Forever on my "wish list" was to install a scanned laser beam "sheet-of- light" generator. This would allow visual cross-sections of the mist to be created. Simply aiming a handheld laser through the rear slot of the chamber and waving the beam rapidly back and forth through the mist caused momentary but spectacular "wind tunnel" turbulence patterns to appear, but I never went any further with this. Shielding the beam would be an issue, since to be efficient, the illumination must be directed through the mist column from behind, and towards (but not hitting) the users' eyes.

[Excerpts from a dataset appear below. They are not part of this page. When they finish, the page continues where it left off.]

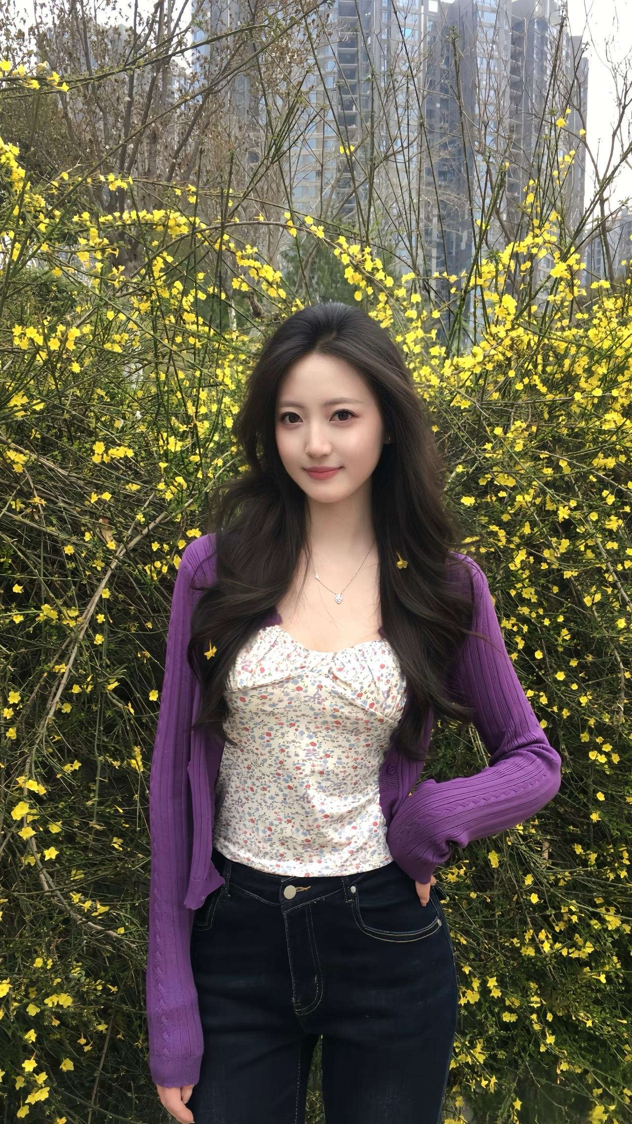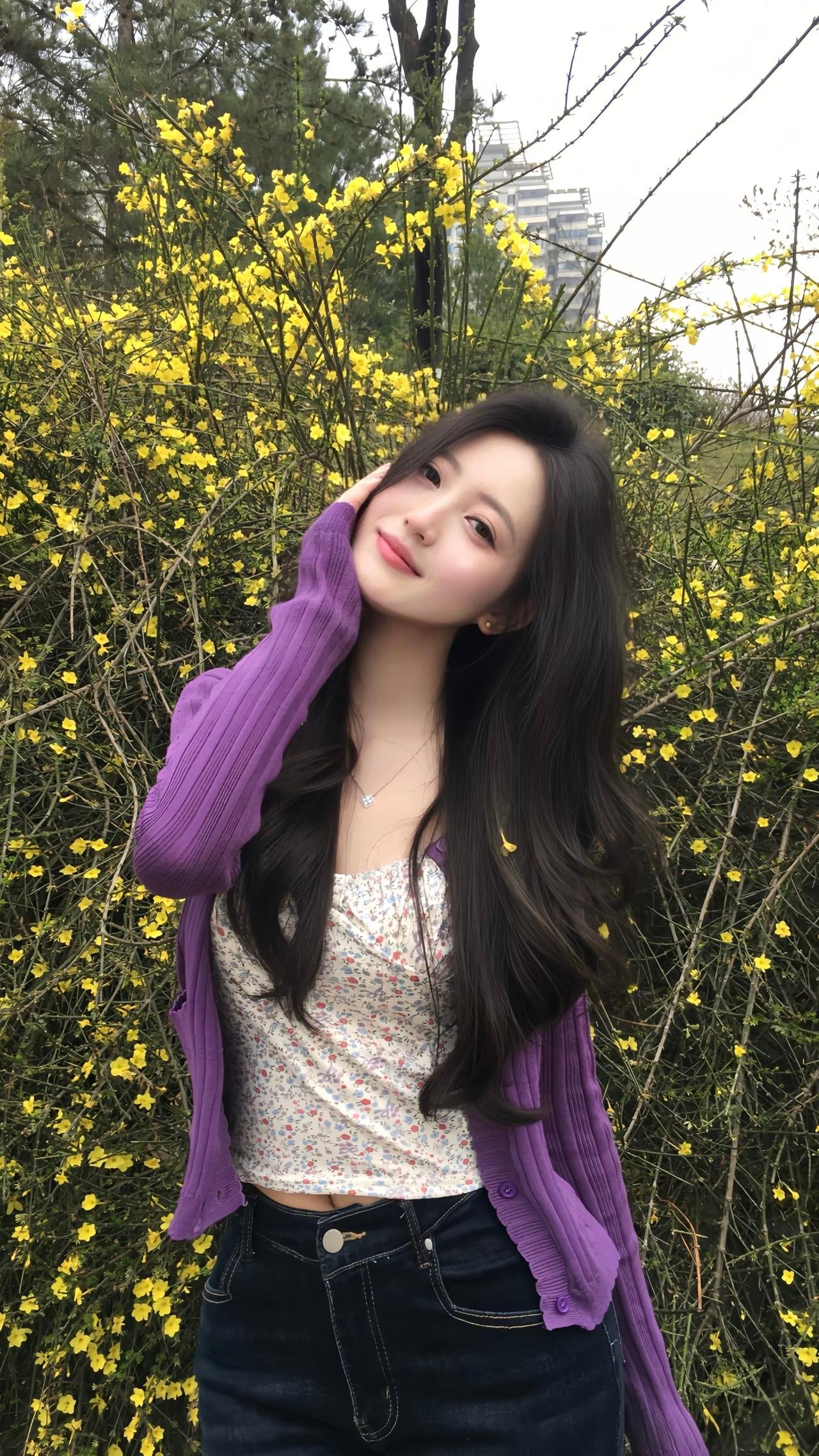 她在花丛中开心地笑着。
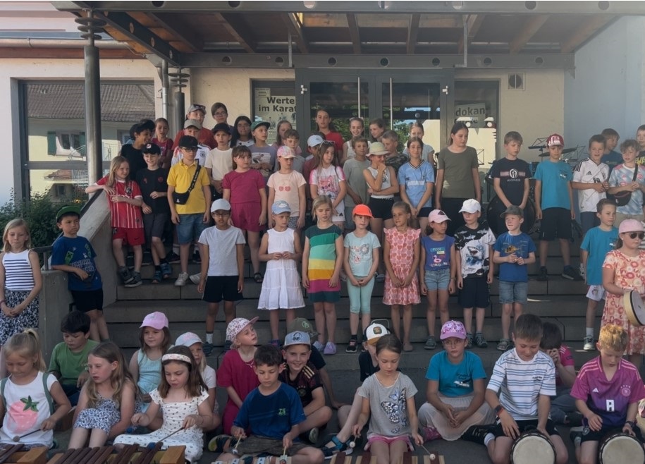 Am 30. Mai 2025 wurde der Schulhof der Grundschule Tunsel zum fröhlichen Treffpunkt für Groß und Klein – beim diesjährigen Schulhock feierten Kinder, Eltern und Lehrkräfte gemeinsam ein buntes und gelungenes Fest. Eröffnet wurde der Nachmittag mit einem gemeinsam Lied aller Schülerinnen und Schüler. Danach gab es weitere musikalische Beiträge der Bläserklasse unter der Leitung von Sebastian Kroll. Ein besonderes Highlight war der Kinderflohmarkt. Die Kinder hatten viel Freude beim Verkauf von gebrauchten Spielsachen und Büchern. Für das leibliche Wohl sorgte ein abwechslungsreiches Fingerfood-Buffet, zu dem viele Eltern liebevoll selbstgemachte Beiträge beisteuerten – herzlichen Dank an alle Spenderinnen und Spender! Ein großes Dankeschön geht auch an den Elternbeirat, der das Fest organisiert hat und die Gäste mit Getränken und Waffeln verpflegt hat. Ebenso ein Dankeschön an den Förderverein, der einen Stand mit Glitzer-Tattoos angeboten hat.
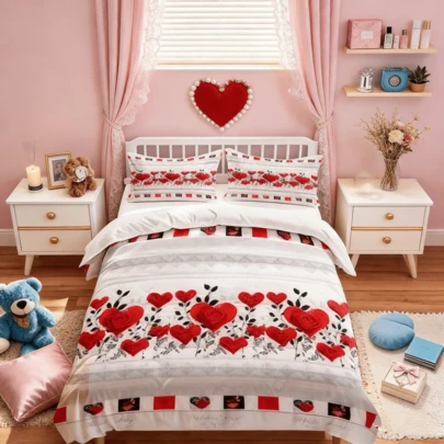 Juego de ropa de cama de San Valentín con rosa roja y corazón - Funda nórdica de poliéster con estampado floral romántico, regalo perfecto para la decoración de su dormitorio - Multicolor - Añade 5
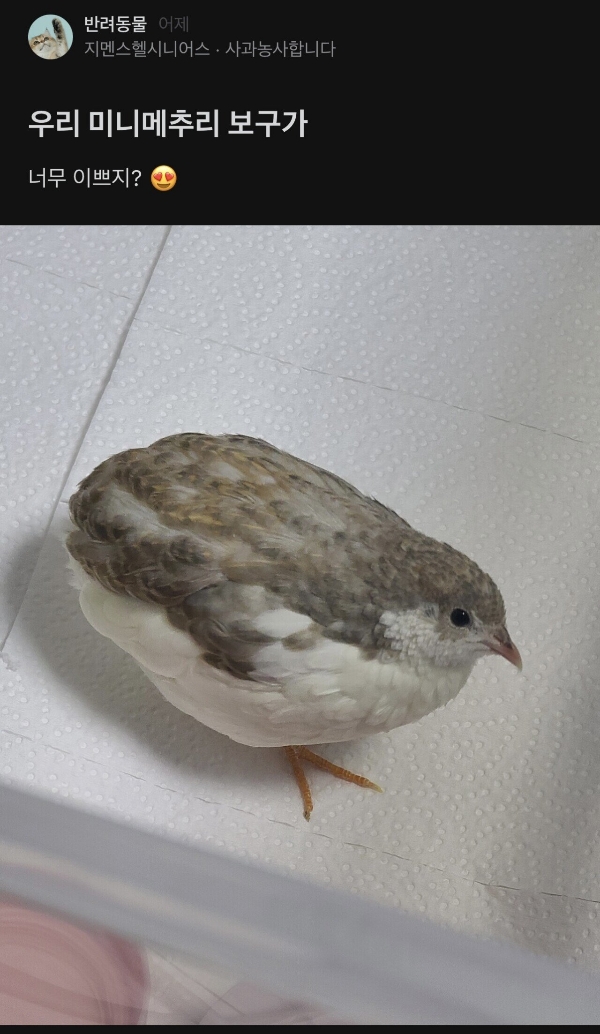 [스크랩] [흥미돋]블라인드) 우리 미니메추리 보구가 작성자열빙어|작성시간25.10.31|조회수30,380 목록 댓글 44 글자크기 작게가 글자크기 크게가 출처: 여성시대 (깍깍뚜루두) 다음검색 스크랩 원문 : *여성시대* 차분한 20대들의 알흠다운 공간 현재 게시글 추가 기능 열기 북마크 공유하기 신고 센터로 신고 댓글 댓글 44 댓글쓰기 답글쓰기 댓글 리스트 작성자기상호. | 작성시간 25.10.31 작고소중•• 작성자노으을 | 작성시간 25.10.31 무정란이라 먹어도 됨 작성자이번주 로또1등 나임 | 작성시간 25.10.31 귀엽다 ㅠ 작성자내정뵈최기홰 | 작성시간 25.10.31 ㅋㅋㅋ후라이작은거ㅜㅠㅠㅠㅠ 작성자교촌오리 | 작성시간 25.11.01 뚱쭝추리 댓글 전체보기
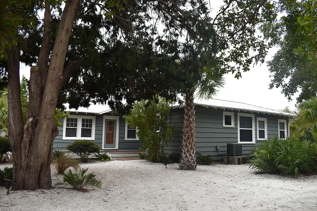 Located at 6909 Longboat Drive S., the exterior of the home is painted a dark green that blends in nicely with the surrounding trees and fits the ambiance. A front porch invites guests to sit before entering the home.
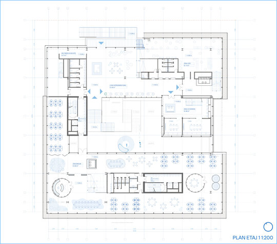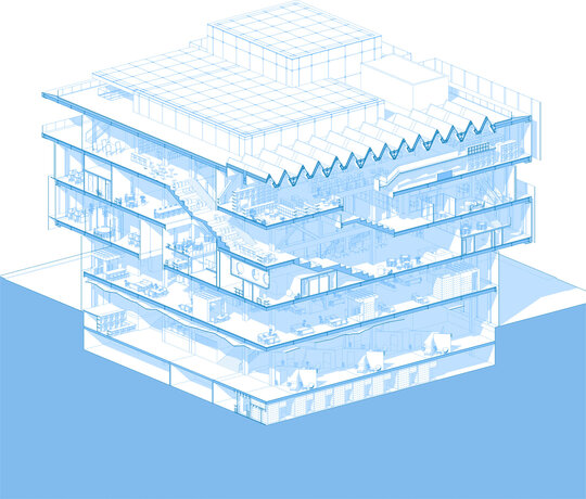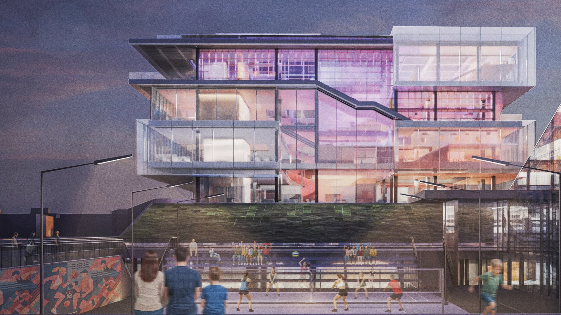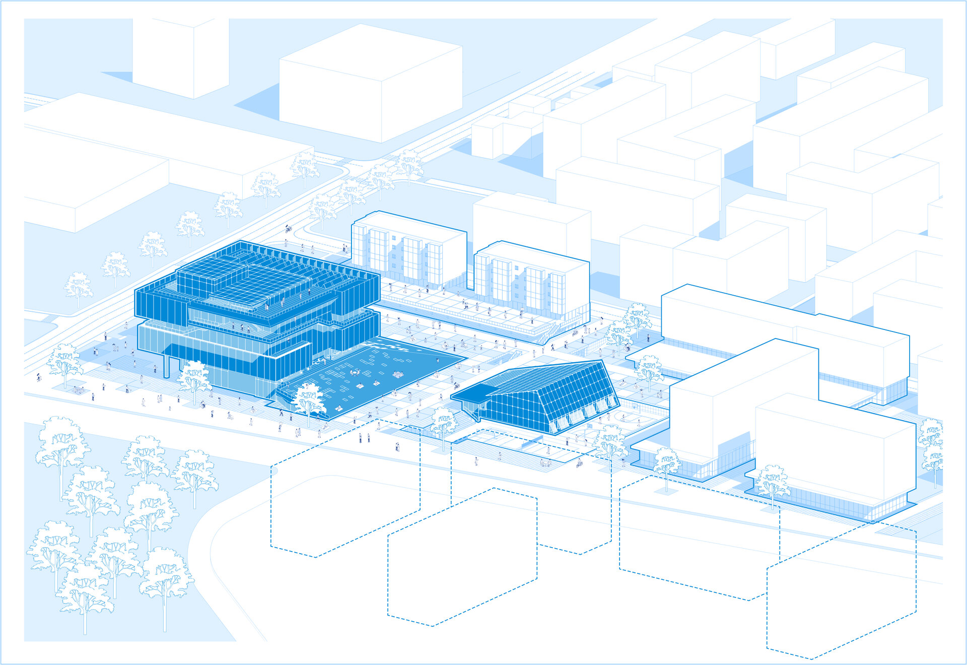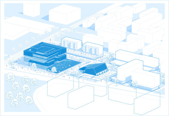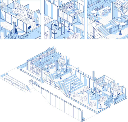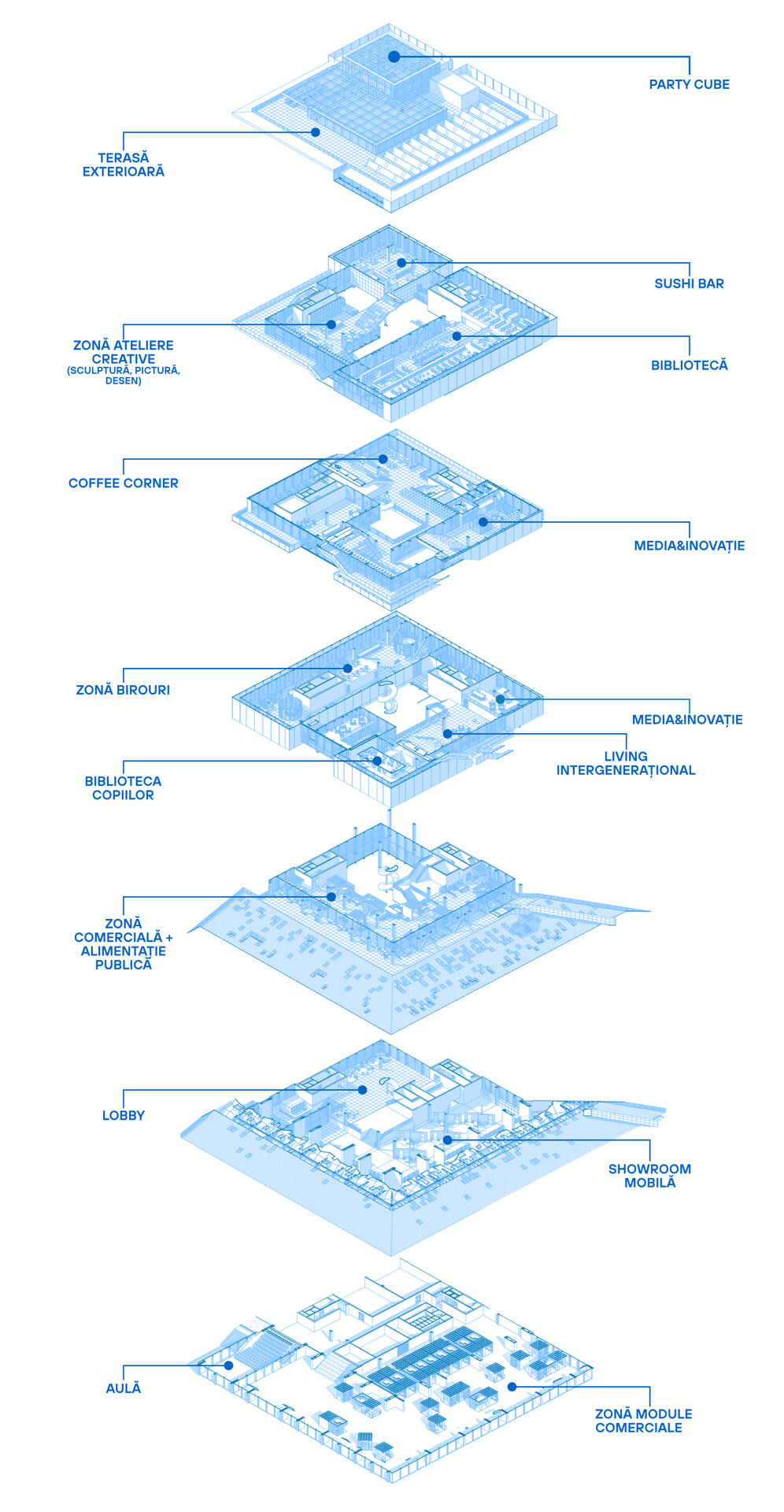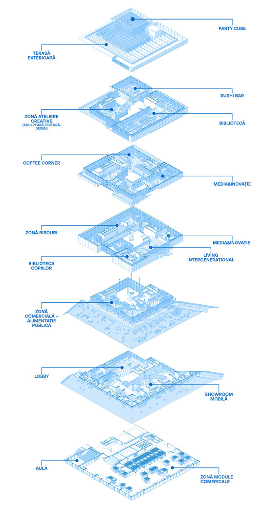 Conceptul arhitectural se inspiră din ideea unei locuințe extinse la scara orașului. Clădirea devine astfel o „casă a comunității”, în care fiecare funcțiune își găsește locul într-un sistem coerent. La fel cum livingul este centrul unei locuințe și locul principal de întâlnire, spațiul central al ansamblului este gândit ca o zonă de interacțiune intensă, un nucleu social unde oamenii se pot conecta. Pe măsură ce utilizatorul avansează, spațiile devin mai personale și mai concentrate, creând o diversitate de atmosfere care răspund diferitelor nevoi – de la dialog și socializare, până la reflecție și studiu individual.

Other ideas for variations: a sculptor in New York converted an entire room into a tornado chamber. He/she provided a large exhaust fan in the center of the ceiling, then arranged a large circle of vertical pipes into the shape of a skeletal cylinder, with the center of the cylinder pattern aligned with the ceiling fan. These pipes extended from floor to ceiling, and each pipe presumably contained its own fan, and a series of holes or slots running one along side of the pipe. The pipe slots blew air sideways so all the air in the room rotated slowly, and the central fan pulled air towards the center of the circle. The large "cylinder" of pipes acts as the walls of the chamber and provides tangential air jets, so any air which flows towards the center of the room is forced to spiral inwards. A powerful vortex forms in the center of the room, extending from floor to ceiling. A big pile of leaves, shredded plastic, etc. completes the exhibit.

The Exploratorium museum in San Francisco contains one large, famous example of a tornado generator chamber. (www.exploratorium.org) Only two walls are provided, the walls being made of huge curved sheets of plexiglas, with a fan in the ceiling of the exhibit. Ultrasonic humidifiers provide mist in the floor of the exhibit. Children can walk into the device and interrupt the spinning mist vortex.